▶ **DATASET RECORDS**
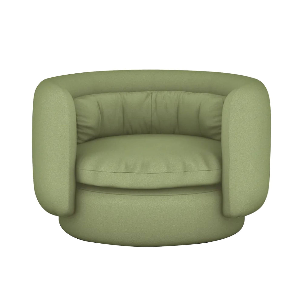 Coming full circle, designer de jour Philippe Malouin's armchair relies on primary geometry for its rounded contours. Group's signal piece — the seating is wonderfully comfortable and cosseting — is shaped with multi-density foam and a foam-core and feather-wrap cushion, with a premium range of upholstery choices. Both a formal version with a slightly higher seat and back and narrower seat and a standard version are available with a fixed, 360 swivel or swivel-return base. Made in Norfolk, England.
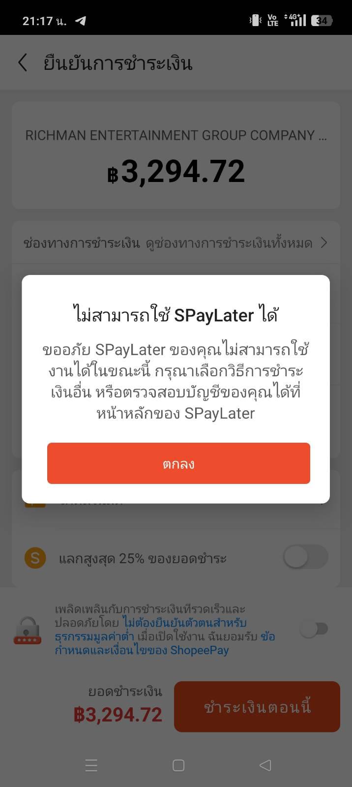 Spaylater ใช้ไม่ได้
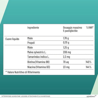 Zucchero, sciroppo di glucosio, ripieno a base di propoli e miele 15% [miele 64%, zucchero invertito, propoli estratto madre 4%; addensante: gomma arabica; zucchero], miele 8%, malva (Malva sylvestris L.) estratto secco da foglie; stabilizzante: glicerolo; aroma naturale limone, tamarindo (Tamarindus indica L.) estratto secco da frutto, biotina (Vitamina B8), niacina (Vitamina B3).
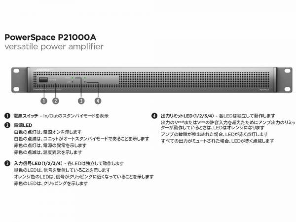 PowerSpace P21000Aは、各chごとに1000W出力を供給。ブリッジ接続不要でローインピーダンス/ハイインピーダンス伝送に対応し、フルチャンネルの出力を供給できます。二つのチャンネルを結合して単一ゾーンに2倍の出力を提供できる柔軟性も備えています。簡単な設置とシンプルな操作で、上質な商業空間向けサウンドシステムを構築できるPowerSpaceアンプで、ニーズにマッチする出力とパフォーマンスを。
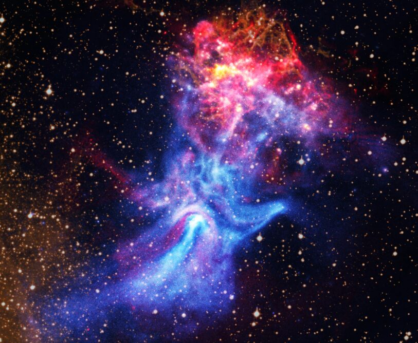 In 2009, NASA’s Chandra X-ray Observatory released a captivating image: a pulsar and its surrounding nebula that is shaped like a hand. Since then, astronomers have used Chandra and other telescopes to continue to observe this object. Now, new radio data from the Australia Telescope Compact Array (ATCA) has been combined with Chandra’s X-ray data to provide a fresh view of this exploded star and its environment, to help understand its peculiar properties and shape.
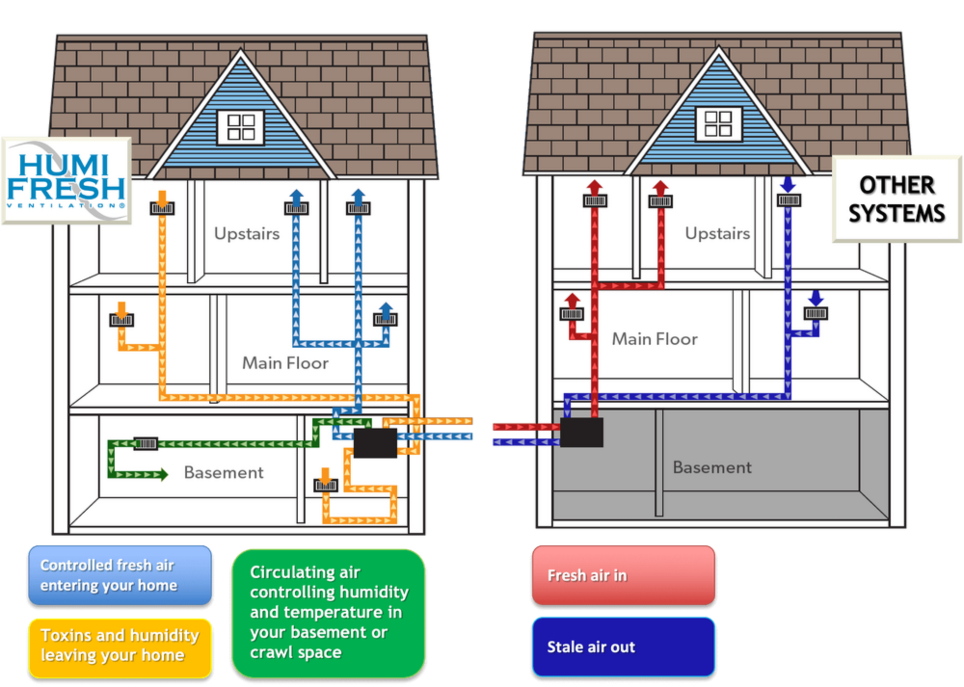 7.The added benefit of the Humifresh Hybrid 200 circulated air to the basement or the crawlspace. This air mass helps control the lower level’s air quality and virtually eliminates humidity.

▶ **ABOUT THIS TASK**
Without the pictures, write out every entry precisely as it appears.

▶ **EXERCISE SOLUTION**
 Coming full circle, designer de jour Philippe Malouin's armchair relies on primary geometry for its rounded contours. Group's signal piece — the seating is wonderfully comfortable and cosseting — is shaped with multi-density foam and a foam-core and feather-wrap cushion, with a premium range of upholstery choices. Both a formal version with a slightly higher seat and back and narrower seat and a standard version are available with a fixed, 360 swivel or swivel-return base. Made in Norfolk, England.
 Spaylater ใช้ไม่ได้
 Zucchero, sciroppo di glucosio, ripieno a base di propoli e miele 15% [miele 64%, zucchero invertito, propoli estratto madre 4%; addensante: gomma arabica; zucchero], miele 8%, malva (Malva sylvestris L.) estratto secco da foglie; stabilizzante: glicerolo; aroma naturale limone, tamarindo (Tamarindus indica L.) estratto secco da frutto, biotina (Vitamina B8), niacina (Vitamina B3).
 PowerSpace P21000Aは、各chごとに1000W出力を供給。ブリッジ接続不要でローインピーダンス/ハイインピーダンス伝送に対応し、フルチャンネルの出力を供給できます。二つのチャンネルを結合して単一ゾーンに2倍の出力を提供できる柔軟性も備えています。簡単な設置とシンプルな操作で、上質な商業空間向けサウンドシステムを構築できるPowerSpaceアンプで、ニーズにマッチする出力とパフォーマンスを。
 In 2009, NASA’s Chandra X-ray Observatory released a captivating image: a pulsar and its surrounding nebula that is shaped like a hand. Since then, astronomers have used Chandra and other telescopes to continue to observe this object. Now, new radio data from the Australia Telescope Compact Array (ATCA) has been combined with Chandra’s X-ray data to provide a fresh view of this exploded star and its environment, to help understand its peculiar properties and shape.
 7.The added benefit of the Humifresh Hybrid 200 circulated air to the basement or the crawlspace. This air mass helps control the lower level’s air quality and virtually eliminates humidity.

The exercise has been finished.